A Phase II Study of HLA-Haploidentical Stem Cell Transplantation to Treat Clinically Aggressive Sickle Cell Disease

About the study

The study is a Phase II clinical trial. Patients will receive intensity modulated total body irradiation (TBI) at a dose of 3 Gy with standard fludarabine/ i.v. cyclophosphamide conditioning prior to human leukocyte antigen (HLA)-haploidentical hematopoietic stem cell transplant (HSCT).

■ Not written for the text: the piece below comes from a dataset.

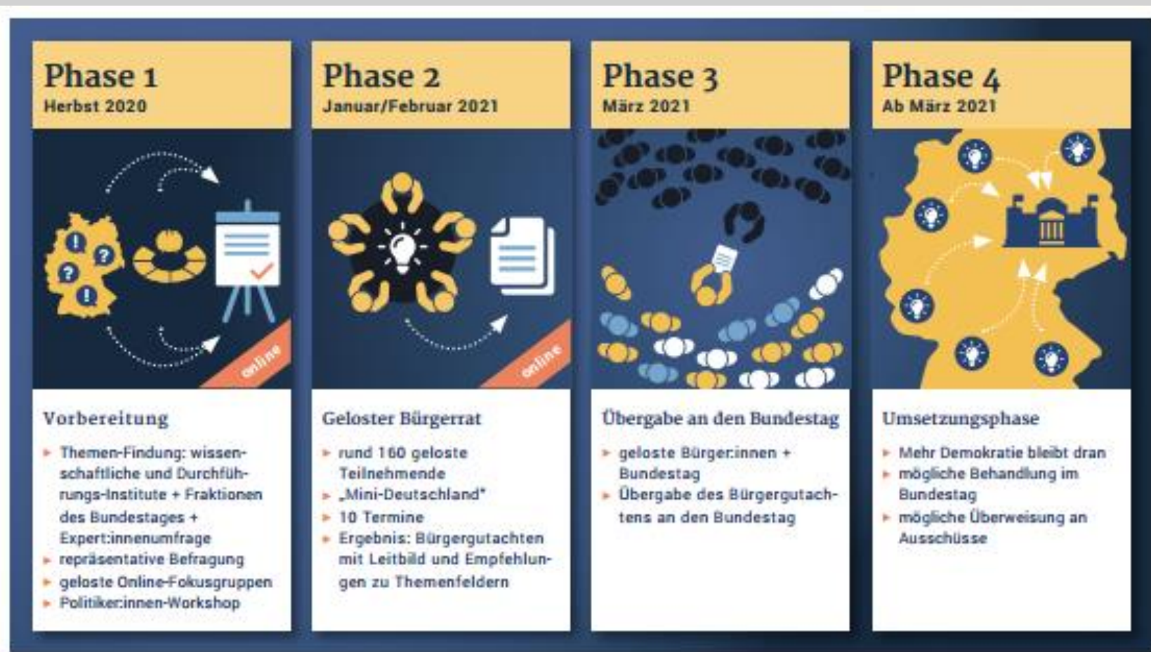
Gesamtprozess Bürgerrat Deutschlands Rolle in der Welt

The primary objective of the study is to determine the engraftment at Day +60 following HLA-haploidentical hematopoietic stem cell transplant protocol using immunosuppressive agents and low-dose total body irradiation (TBI) for conditioning and post-transplant cyclophosphamide in patients with sickle cell disease.

Study point of contact

Damiano Rondelli, MD
312 413-3547
drond@uic.edu

Locations

1 United States site

Age

16 Years - 60 Years

Phase

Phase 2

Study type

Interventional

Gender

All

Interventions

Drug

Radiation

Procedure

Criteria

Patient Eligibility:

Patients with sickle cell disease are eligible if they have any of the following complications:

1.1 Stroke or central nervous system event lasting longer than 24 hours 1.2 Frequent vaso-occlusive pain episodes, defined as ≥ 3 per year requiring emergency room, acute care center, hospital admissions, or home bedrest leading to absence from work or school. 1.3 Recurrent episodes of priapism, defined as ≥ 2 per year requiring emergency room visits 1.4 Acute chest syndrome with recurrent hospitalizations, defined as ≥ 2 lifetime events 1.5 Red-cell alloimmunization (≥ 2 antibodies) during long-term transfusion therapy 1.6 Bilateral proliferative retinopathy with major visual impairment in at least one eye 1.7 Osteonecrosis of 2 or more joints 1.8 Sickle cell nephropathy, defined by a GFR < 90mL/min/1.73m2 or the presence of macroalbuminuria (urine albumin > 300 mg/g creatinine) 1.9 Pulmonary hypertension, defined by a mean pulmonary arterypressure >25mmHg

Age 16-60 years
Karnofsky performance status of 60 or higher (Appendix A)
Adequate cardiac function, defined as left ventricular ejection fraction ≥ 40%
Adequate pulmonary function, defined as diffusion lung capacity of carbon monoxide ≥ 50% predicted (after adjustment for hemoglobin concentration)
Estimated GFR ≥ 50mL/min/1.73m2 as calculated by the modified MDRD equation
ALT ≤ 3x upper limit of normal
HIV-negative
Patient is not pregnant
Patient is able and willing to sign informed consent
Patient does not have a fully HLA-matched sibling donor
Patient has an HLA-haploidentical relative

Donor Eligibility Relatives (parents, offspring, siblings, aunts/uncles, cousins) will be tested by molecular typing of HLA class I (A, B, and C) and class II (DRB1) at low resolution. Only those that are an HLA-haploidentical match (≥ 4/8) will be considered as a potential donor. NOTE: If during testing, a fully HLA-matched sibling donor is found and is willing to donate his/her stem cells, the potential subject will not be eligible for this protocol.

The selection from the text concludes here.